Contextual Graph Representations for Task-Driven 3D Perception and Planning

A 2021 undergraduate thesis from the University of Toronto, authored by Christopher Agia, tackles a fundamental problem at the intersection of robotics and AI: making complex 3D scene understanding practical for real-world robot task planning. While modern computer vision can automatically generate detailed 3D scene graphs—hierarchical maps of objects and their relationships—these representations are often too dense and complex. They contain every detected object and relation, even though a specific task, like 'pick up the mug on the table,' only requires a small subset. This 'state explosion' overwhelms traditional task planners, making them slow and unsuitable for robots with limited computational power.

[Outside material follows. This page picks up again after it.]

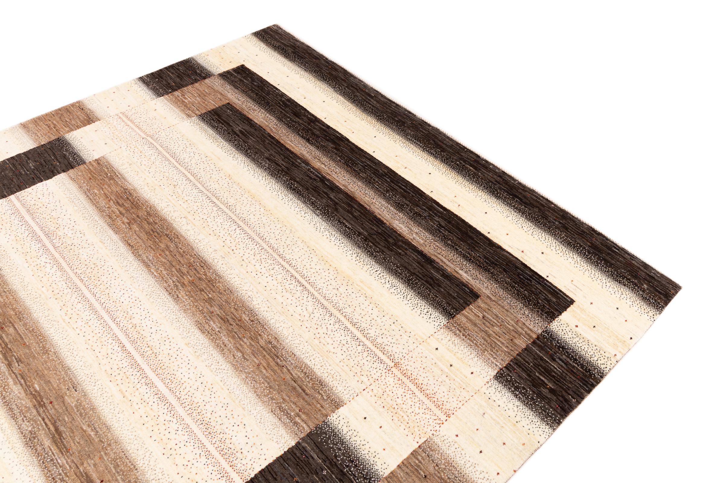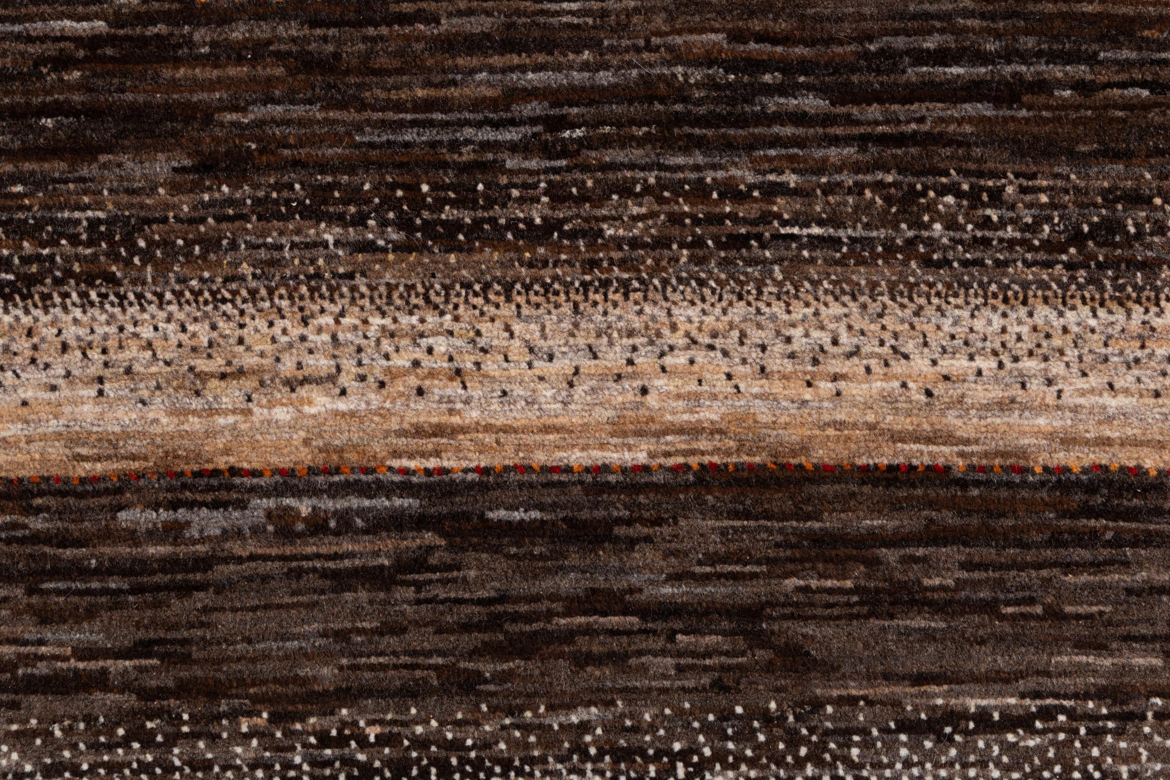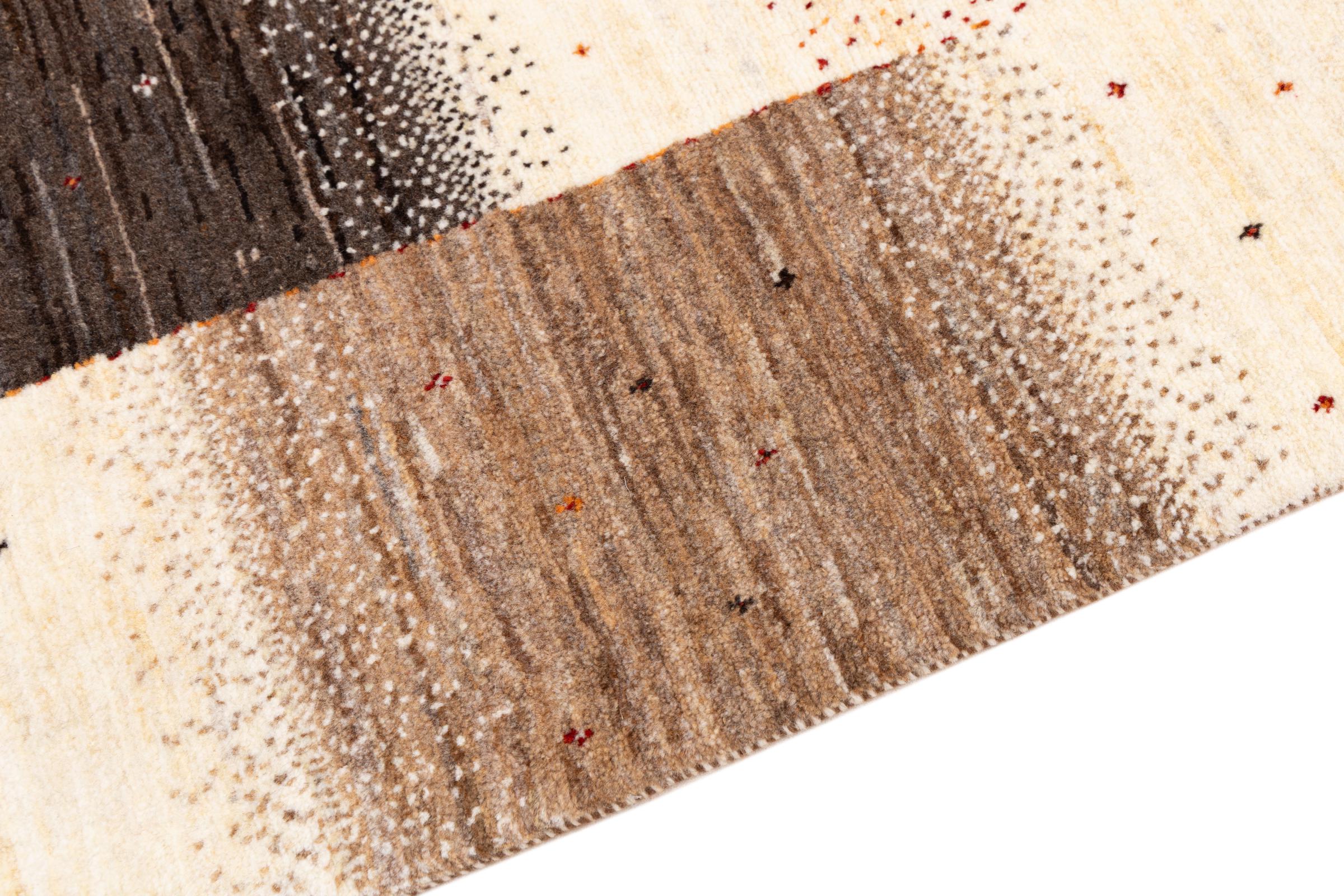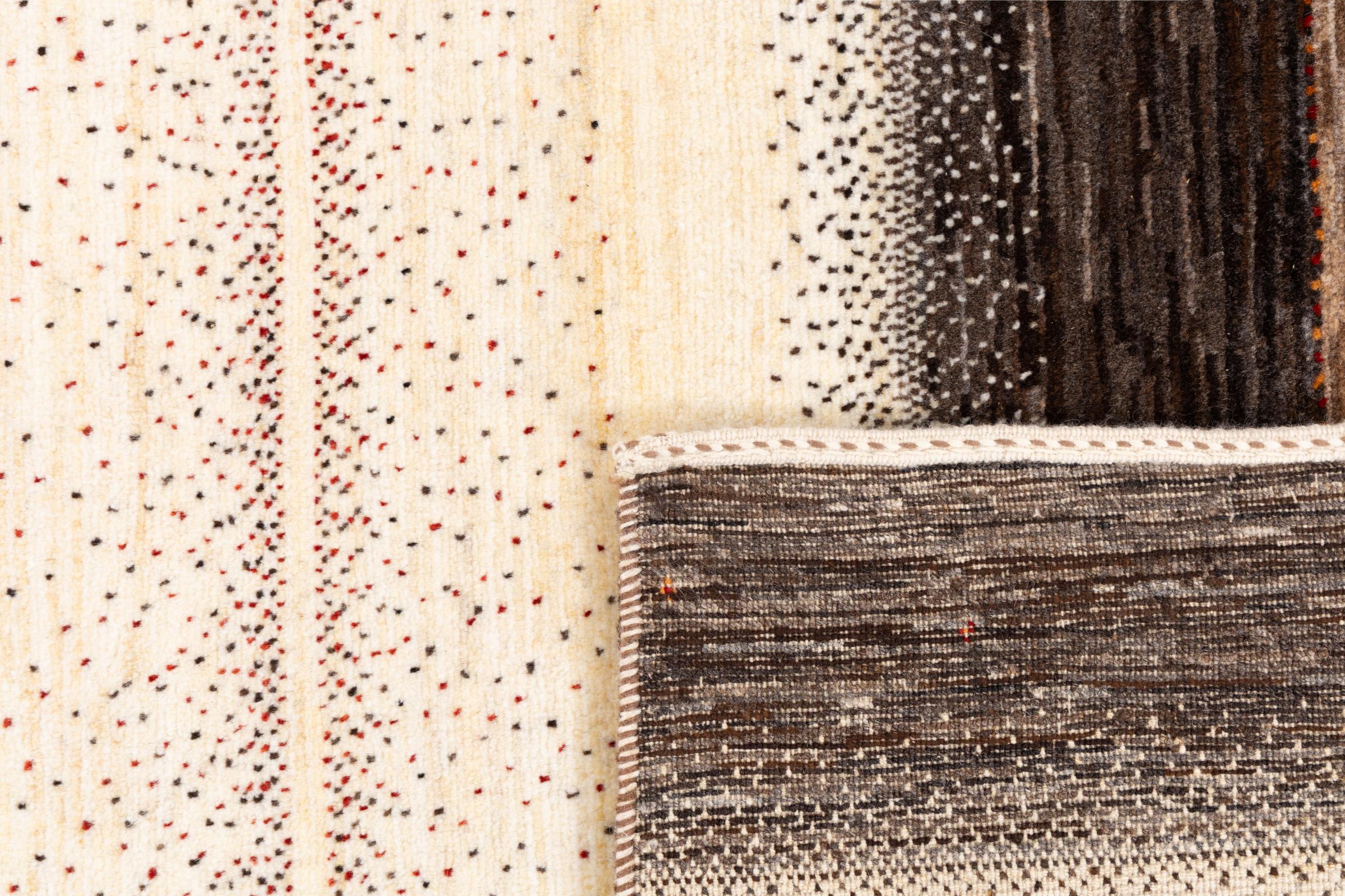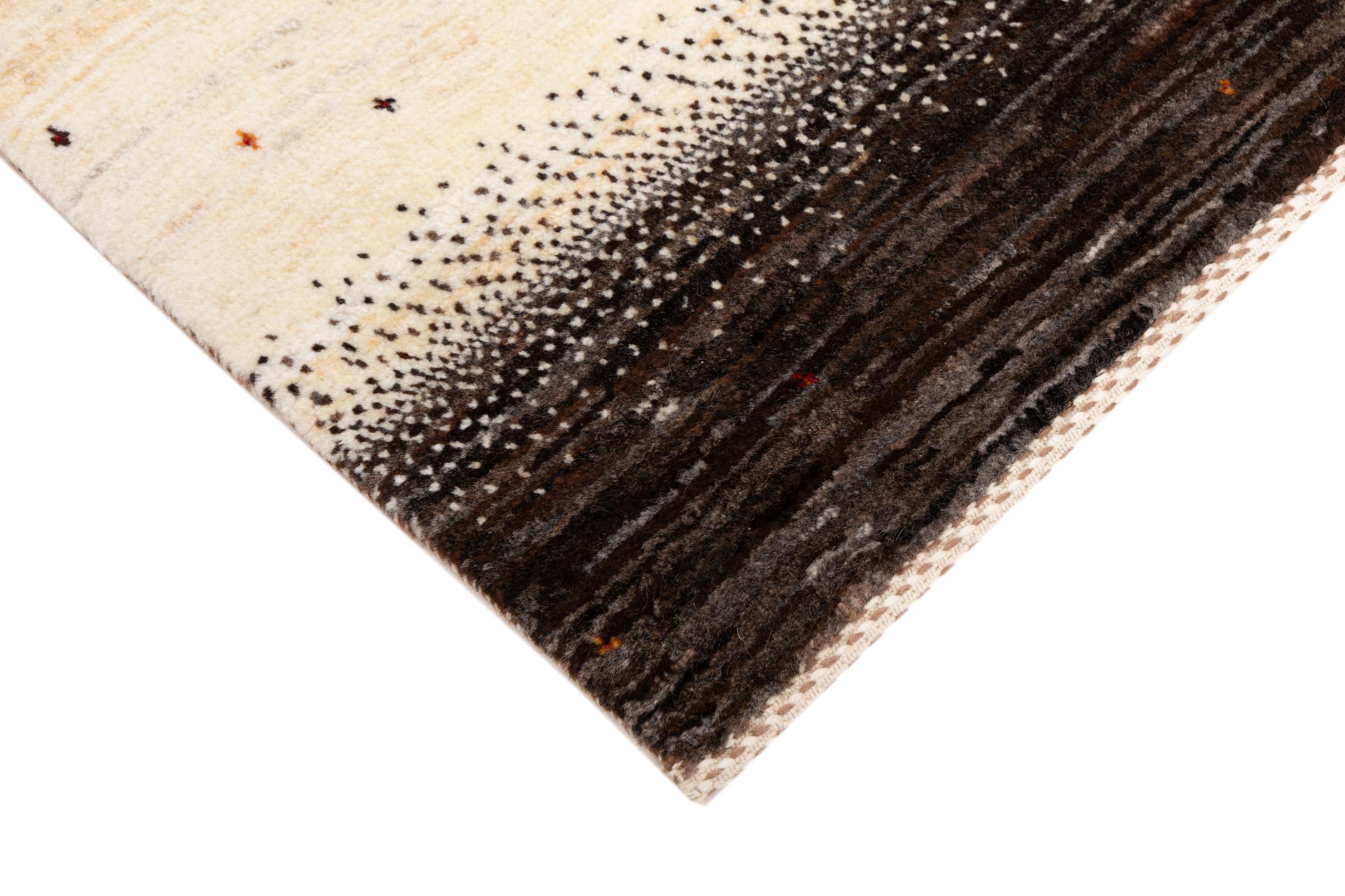 Dette smukke tæppe er en persisk Gabbeh og er en af ​​de højeste kvalitet Gabbeh tæpper. Tæpper er knyttet af nomader eller semi-nomader i Iran ved hjælp af traditionelt håndværk. De enkle motiver og mønstre er for det meste inspireret af nomadernes umiddelbare omgivelser. F.eks. Kan kameler, træer eller buske findes på traditionelle tæpper. Persiske Gabbeh-tæpper er lavet af uld fra lokale fårbesætninger. Ulden er derfor for det meste spundet for hånd. Hver af disse orientalske tæpper udgør en unik karakter af århundreder gammel kultur.

Agia's work does two key things to address this. First, it constructs a benchmark to empirically compare state-of-the-art classical planners, providing a needed tool for the research community. Second, and more innovatively, it explores using Graph Neural Networks (GNNs) to learn contextual, task-driven representations. Instead of processing the entire scene graph, a GNN can be trained to identify and encode only the objects and spatial relationships relevant to a given goal. This learned representation drastically shrinks the state space a planner must navigate, promising significantly faster and more efficient planning. The thesis lays groundwork for moving robots beyond simple navigation towards executing multi-step tasks in cluttered, dynamic 3D environments by making high-level reasoning computationally tractable.